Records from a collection
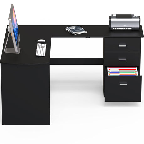 L-Shaped Home Office Wood Corner Desk with 3 Drawers
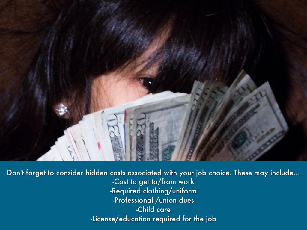 Don't forget to consider hidden costs associated with your job choice. These may include... -Cost to get to/from work -Required clothing/uniform -Professional /union dues -Child care -License/education required for the job
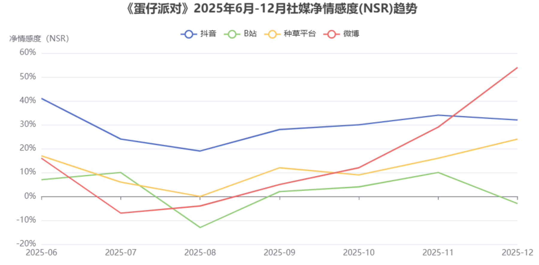 尽管《蛋仔派对》在暑期维持了高热度,但其净情感度(NSR)却普遍下滑,呈现“高热度低情感”的背离现象。 尤其在8月,抖音NSR降至19%,B站跌至-13%,种草平台为0%。 [12,17,23] 微博NSR更是在7月和8月连续为负。 [20] 这种现象的核心根源在于暑期集中爆发的“蛋仔派对骗局”事件以及部分IP联动(如《鬼灭之刃》)引发的质量争议,严重侵蚀了玩家的信任和情感。
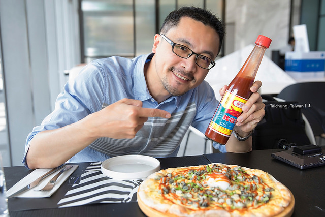 當服務人員端上披薩的同時,一併送上了東泉辣椒醬,我便大笑了!出身台中的人都知道,眼前這罐玻璃瓶身裝的可是故鄉味,不管是炒麵或筒仔米糕都能淋上一些,可說是台中人的老干媽,百搭!
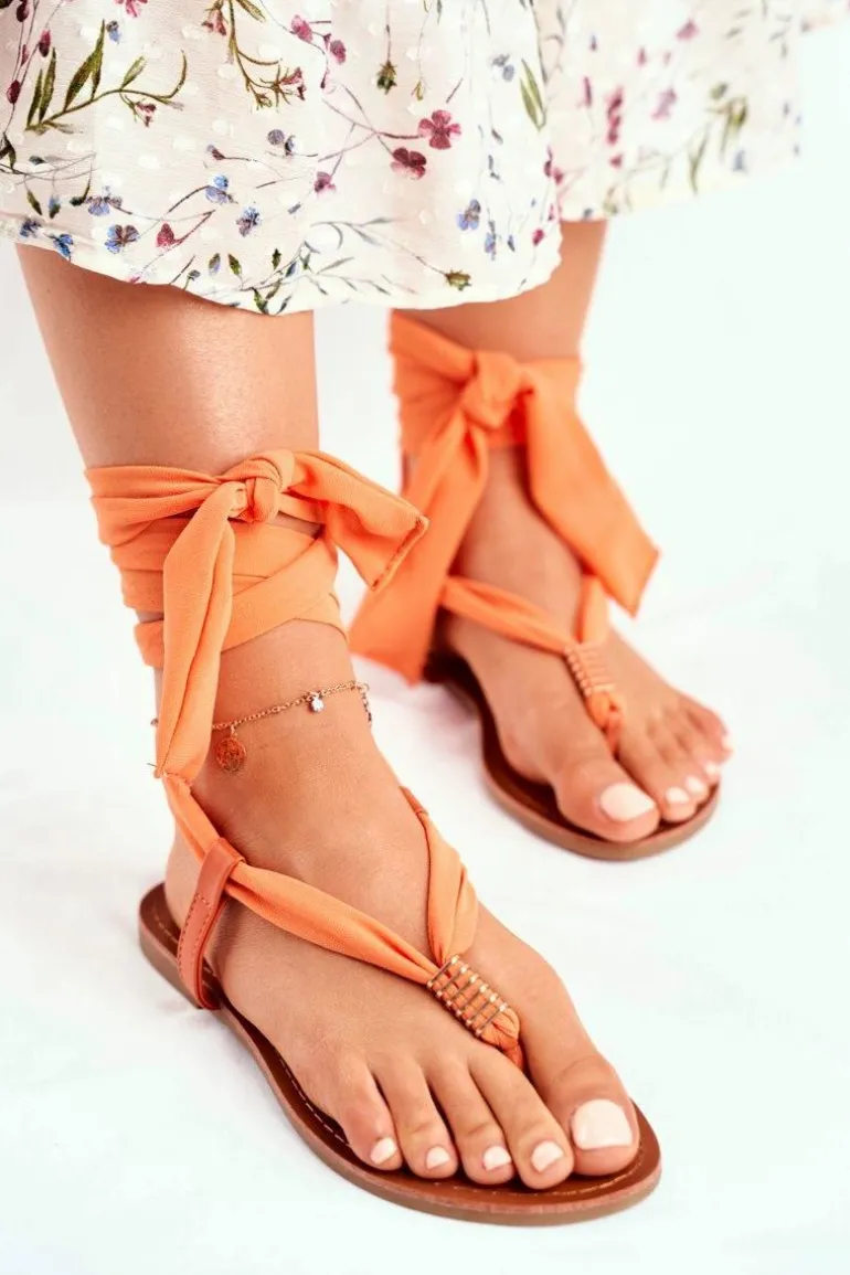 Sandałki Damskie Japonki Wiązane Pomarańczowe Derryl
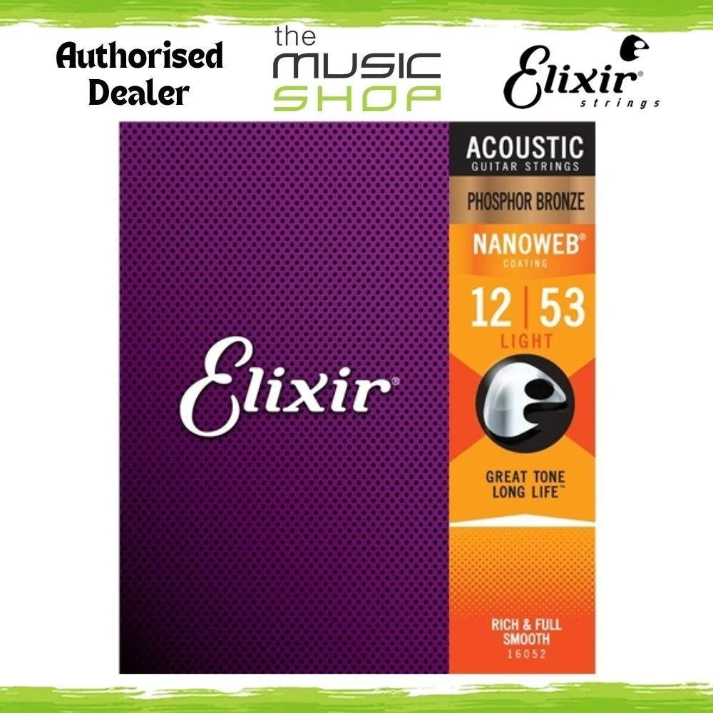 2 x Elixir Nanoweb Acoustic Guitar Strings, Phosphor Bronze, Light, 12-53- 16052

• Problem statement:
Output every entry word for word, but omit the pictures.

• Solution for this task:
 L-Shaped Home Office Wood Corner Desk with 3 Drawers
 Don't forget to consider hidden costs associated with your job choice. These may include... -Cost to get to/from work -Required clothing/uniform -Professional /union dues -Child care -License/education required for the job
 尽管《蛋仔派对》在暑期维持了高热度,但其净情感度(NSR)却普遍下滑,呈现“高热度低情感”的背离现象。 尤其在8月,抖音NSR降至19%,B站跌至-13%,种草平台为0%。 [12,17,23] 微博NSR更是在7月和8月连续为负。 [20] 这种现象的核心根源在于暑期集中爆发的“蛋仔派对骗局”事件以及部分IP联动(如《鬼灭之刃》)引发的质量争议,严重侵蚀了玩家的信任和情感。
 當服務人員端上披薩的同時,一併送上了東泉辣椒醬,我便大笑了!出身台中的人都知道,眼前這罐玻璃瓶身裝的可是故鄉味,不管是炒麵或筒仔米糕都能淋上一些,可說是台中人的老干媽,百搭!
 Sandałki Damskie Japonki Wiązane Pomarańczowe Derryl
 2 x Elixir Nanoweb Acoustic Guitar Strings, Phosphor Bronze, Light, 12-53- 16052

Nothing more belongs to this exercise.